◆ The task:
Transcribe the listing below exactly, from its first line through the line with "특히, 5월 첫째, 둘째". Omit the pictures.
(The data Opens)
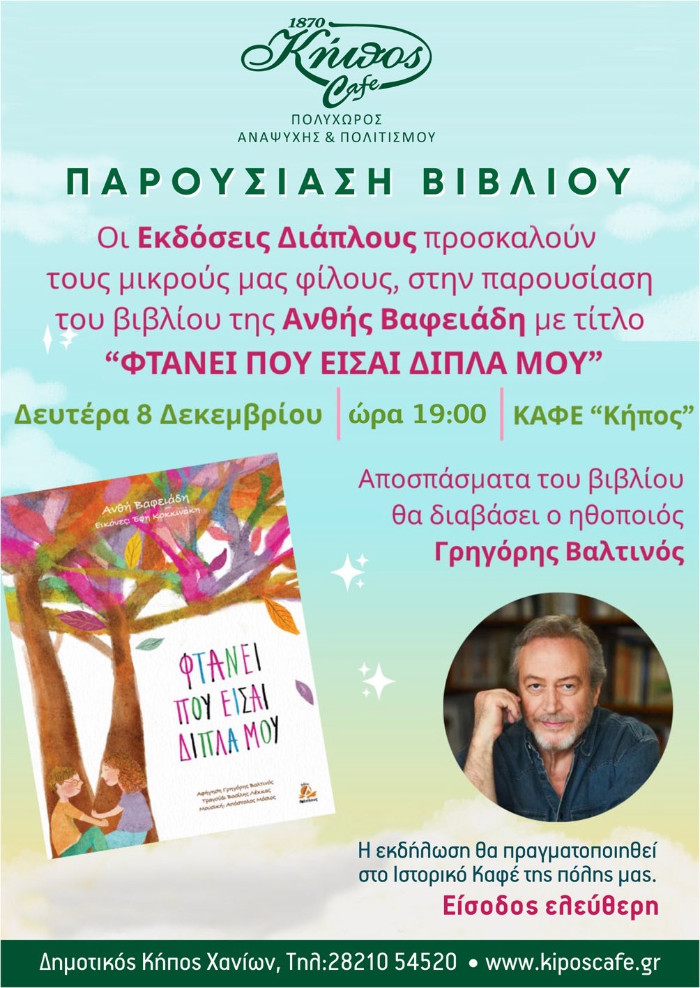 Η εκδήλωση θα πραγματοποιηθεί τη Δευτέρα 8 Δεκεμβρίου, στις 19:00, στο ιστορικό Café “Κήπος” στον Δημοτικό Κήπο Χανίων.
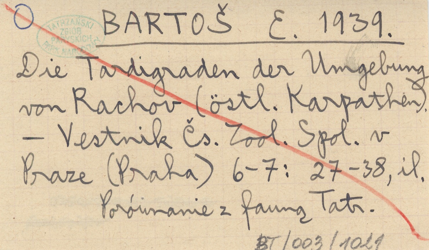 BARTOŠ E. 1939 Die Tardigraden der Ungebung von Rachov (östl. Karpathen).
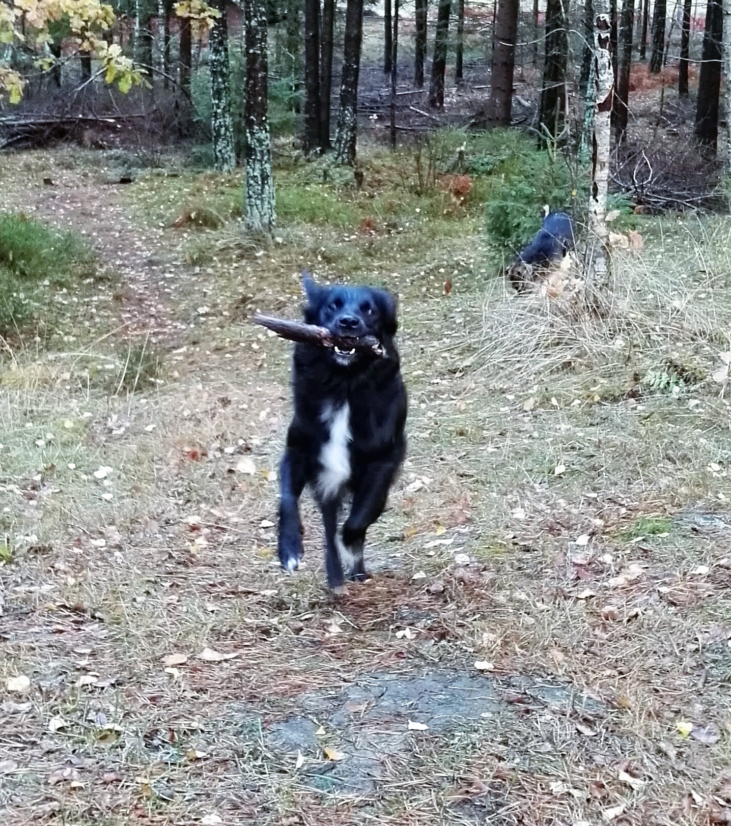I skarpt läge är det så svårt tycker Molly och jag lyckas till slut i stressen blanda ihop ”stanna” och ”sakta”. Jag ser den svarta tuppen försvinna över berget och det sista jag ser är en glad Border Colliesvans vifta efter. Jag vrålar stannaaaa Molly. Hjärtklappningen slår till med dundrande fart. En liten biverkning av utmattningssyndromet som envist hänger kvar. Bara att sätta sig ned en stund. Hoppas att inga granar är hemma idag tänker jag. Vi måste höras vida omkring, jag som hojtar kommandon, Molly som skäller glatt och tuppen som kacklar av skräck: Jag döör, jag döör. Efter några varv i skogen lyckas vi mota hem tupparna, Molly och jag. Puh. Nu ska jag ta lite te och Molly få några goda hundkex.
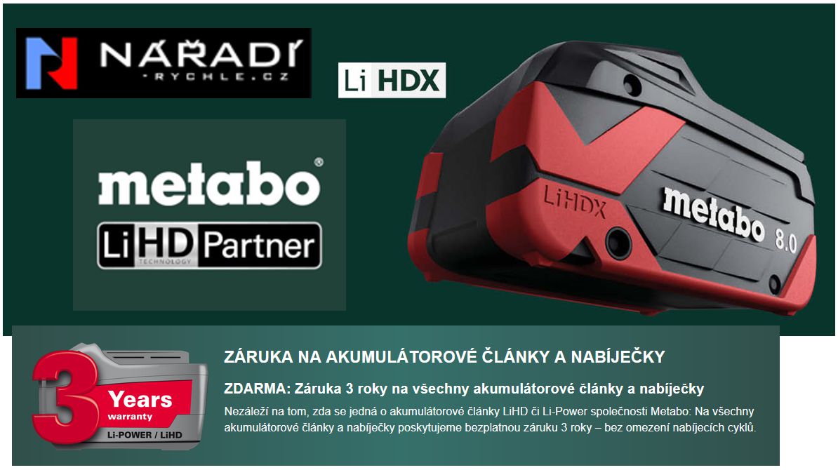Aku set 2×8 Ah LiHDX, ASC 290 Metabo, 18V, metaBOXSkladem - expedice do 14:00 (po-pá, mimo svátky)8 830 Kč/ ks7 298 Kč bez DPH
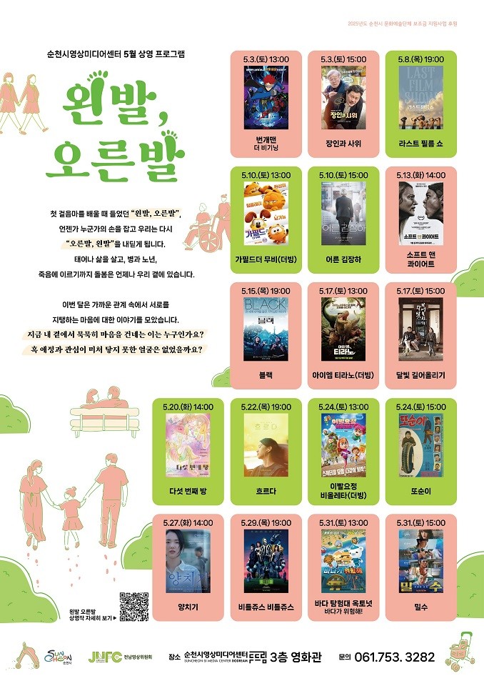 특히, 5월 첫째, 둘째 주에는 ‘2025 어린이가 그리는 영화로운 순천’ 사업의 일환으로 어린이를 위한 영화 <번개맨 : 더 비기닝>, <가필드 더 무비(더빙)>를 상영한다. 이외에도 <어른 김장하>, <블랙>, <양치기> 등은 다양한 돌봄의 모습을 조명하고 가까운 관계를 돌아보는 계기를 마련할 예정이다.
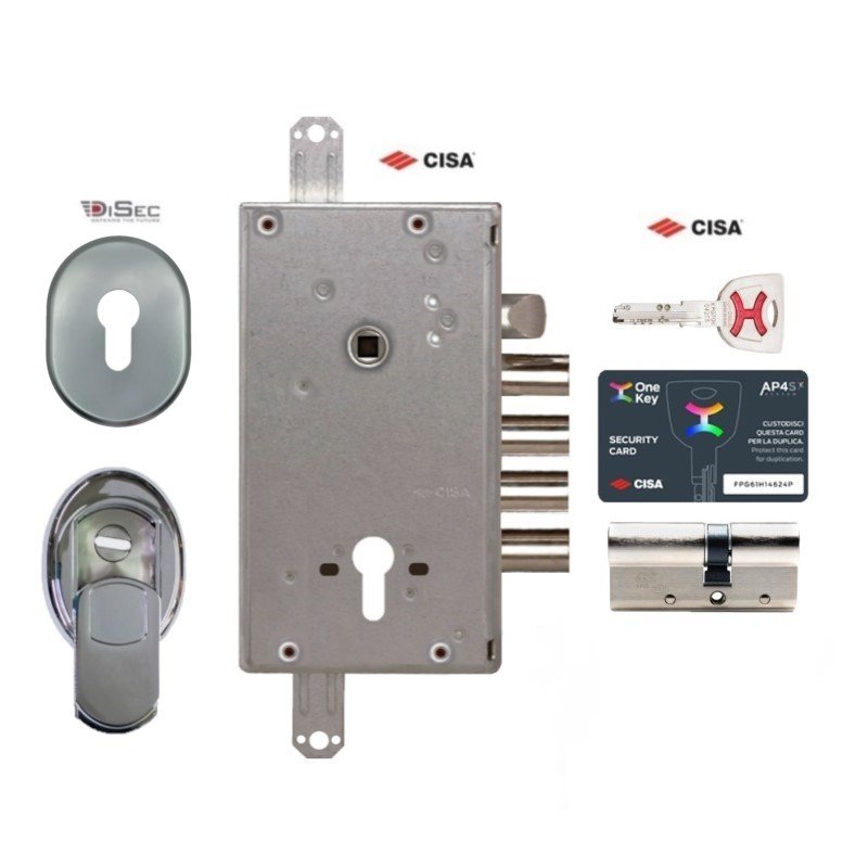 Σετ Κλειδαριά θωρακισμένης πόρτας Cisa Revolution Pro με κύλινδρο Cisa Ap4s & Defender Disec MRM3551
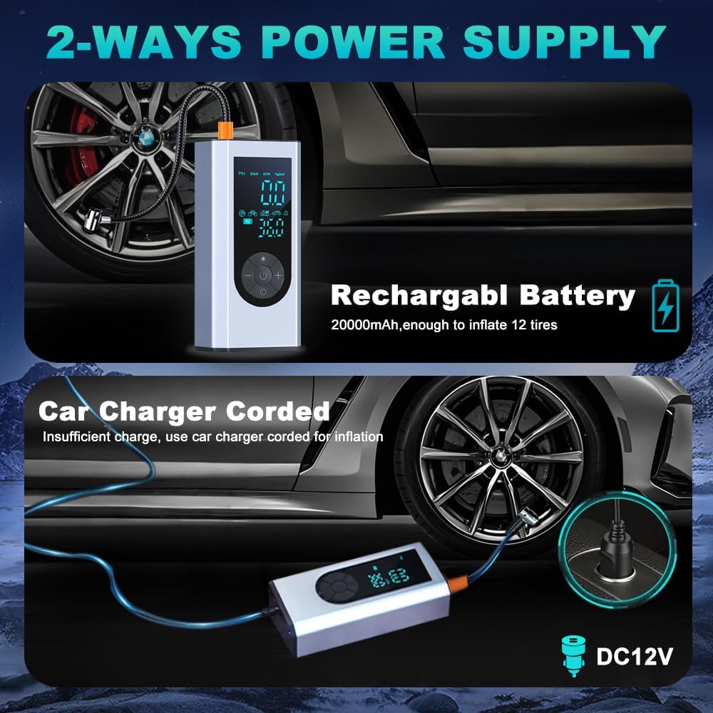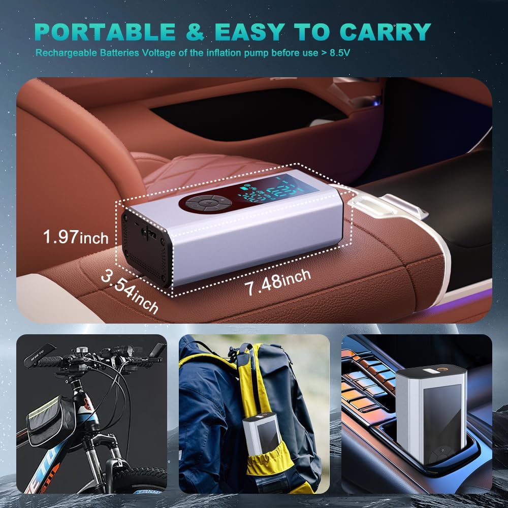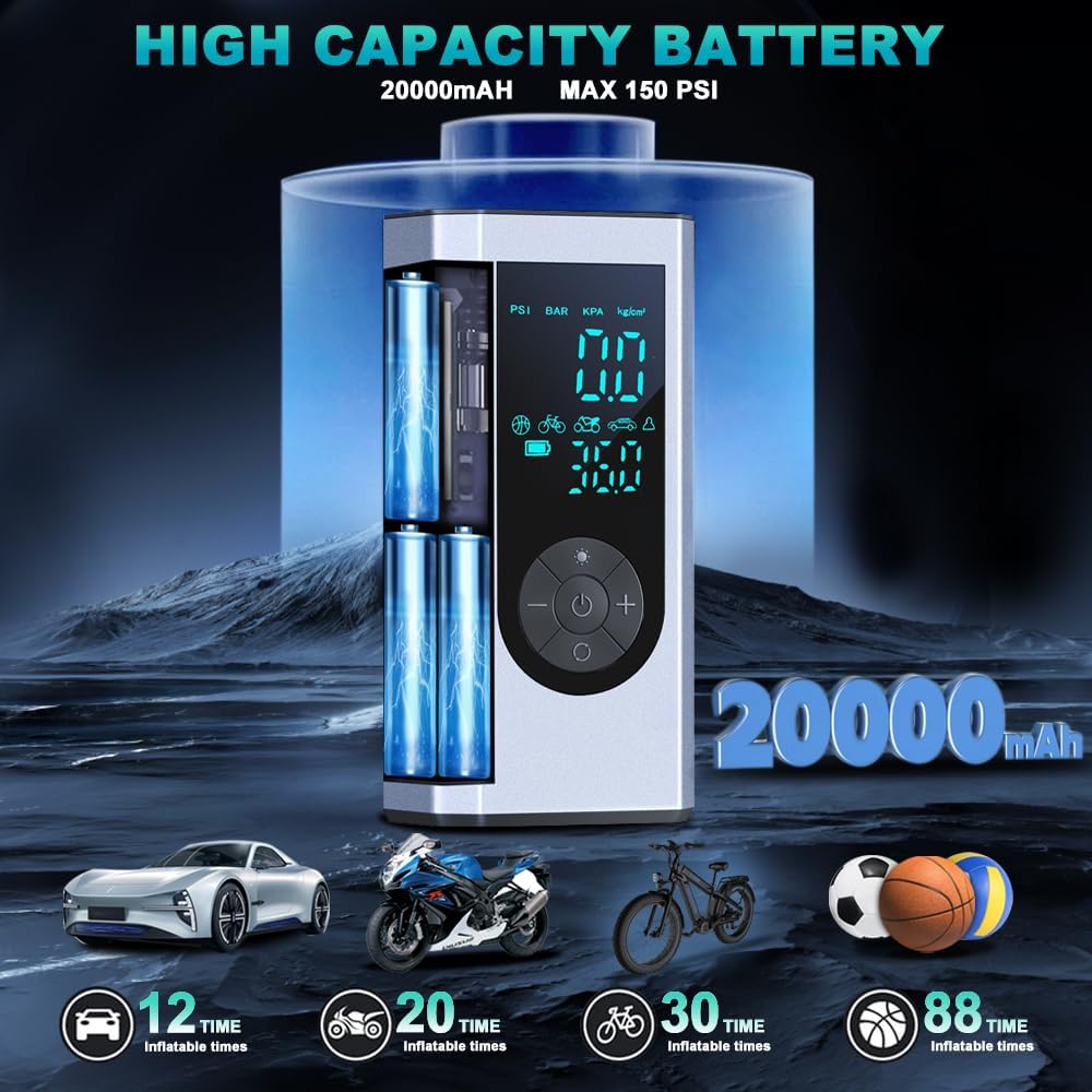 [نفخ الإطارات بشكل أسرع 3 مرات] ضاغط الهواء مدمج ببطارية ليثيوم عالية السعة 20000 مللي أمبير في الساعة (3 بطاريات قابلة لإعادة الشحن). ضغط الشحن يصل إلى 150 رطل لكل بوصة مربعة؛ من 0PSI إلى 36PSI فقط في 6 دقائق. يمكن لمضخة الهواء هذه نفخ 12 إطار سيارة/20 إطار دراجة نارية/30 إطار دراجة/88 كرة سلة تحت الشحن الكامل. نطاق قوي، يمكنه نفخ العديد من الأجهزة القابلة للنفخ. سرعة نفخ سريعة، أسرع 3 مرات من أجهزة النفخ العادية. مريحة للحياة اليومية والسفر.
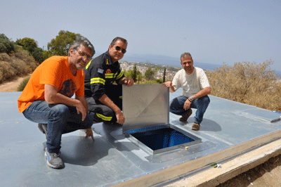 Ο Διοικητής του 8ου Πυροσβεστικού Σταθμού Αθηνών Πύραρχος Στέφανος Πιερρακάκης επιθεωρεί την ανακατασκευασμένη 30τονη δεξαμενή του παλιού λατομείου Αργυρούπολης
(The data Closes)
◆ Written answer:
 Η εκδήλωση θα πραγματοποιηθεί τη Δευτέρα 8 Δεκεμβρίου, στις 19:00, στο ιστορικό Café “Κήπος” στον Δημοτικό Κήπο Χανίων.
 BARTOŠ E. 1939 Die Tardigraden der Ungebung von Rachov (östl. Karpathen).
I skarpt läge är det så svårt tycker Molly och jag lyckas till slut i stressen blanda ihop ”stanna” och ”sakta”. Jag ser den svarta tuppen försvinna över berget och det sista jag ser är en glad Border Colliesvans vifta efter. Jag vrålar stannaaaa Molly. Hjärtklappningen slår till med dundrande fart. En liten biverkning av utmattningssyndromet som envist hänger kvar. Bara att sätta sig ned en stund. Hoppas att inga granar är hemma idag tänker jag. Vi måste höras vida omkring, jag som hojtar kommandon, Molly som skäller glatt och tuppen som kacklar av skräck: Jag döör, jag döör. Efter några varv i skogen lyckas vi mota hem tupparna, Molly och jag. Puh. Nu ska jag ta lite te och Molly få några goda hundkex.
Aku set 2×8 Ah LiHDX, ASC 290 Metabo, 18V, metaBOXSkladem - expedice do 14:00 (po-pá, mimo svátky)8 830 Kč/ ks7 298 Kč bez DPH
 특히, 5월 첫째, 둘째 주에는 ‘2025 어린이가 그리는 영화로운 순천’ 사업의 일환으로 어린이를 위한 영화 <번개맨 : 더 비기닝>, <가필드 더 무비(더빙)>를 상영한다. 이외에도 <어른 김장하>, <블랙>, <양치기> 등은 다양한 돌봄의 모습을 조명하고 가까운 관계를 돌아보는 계기를 마련할 예정이다.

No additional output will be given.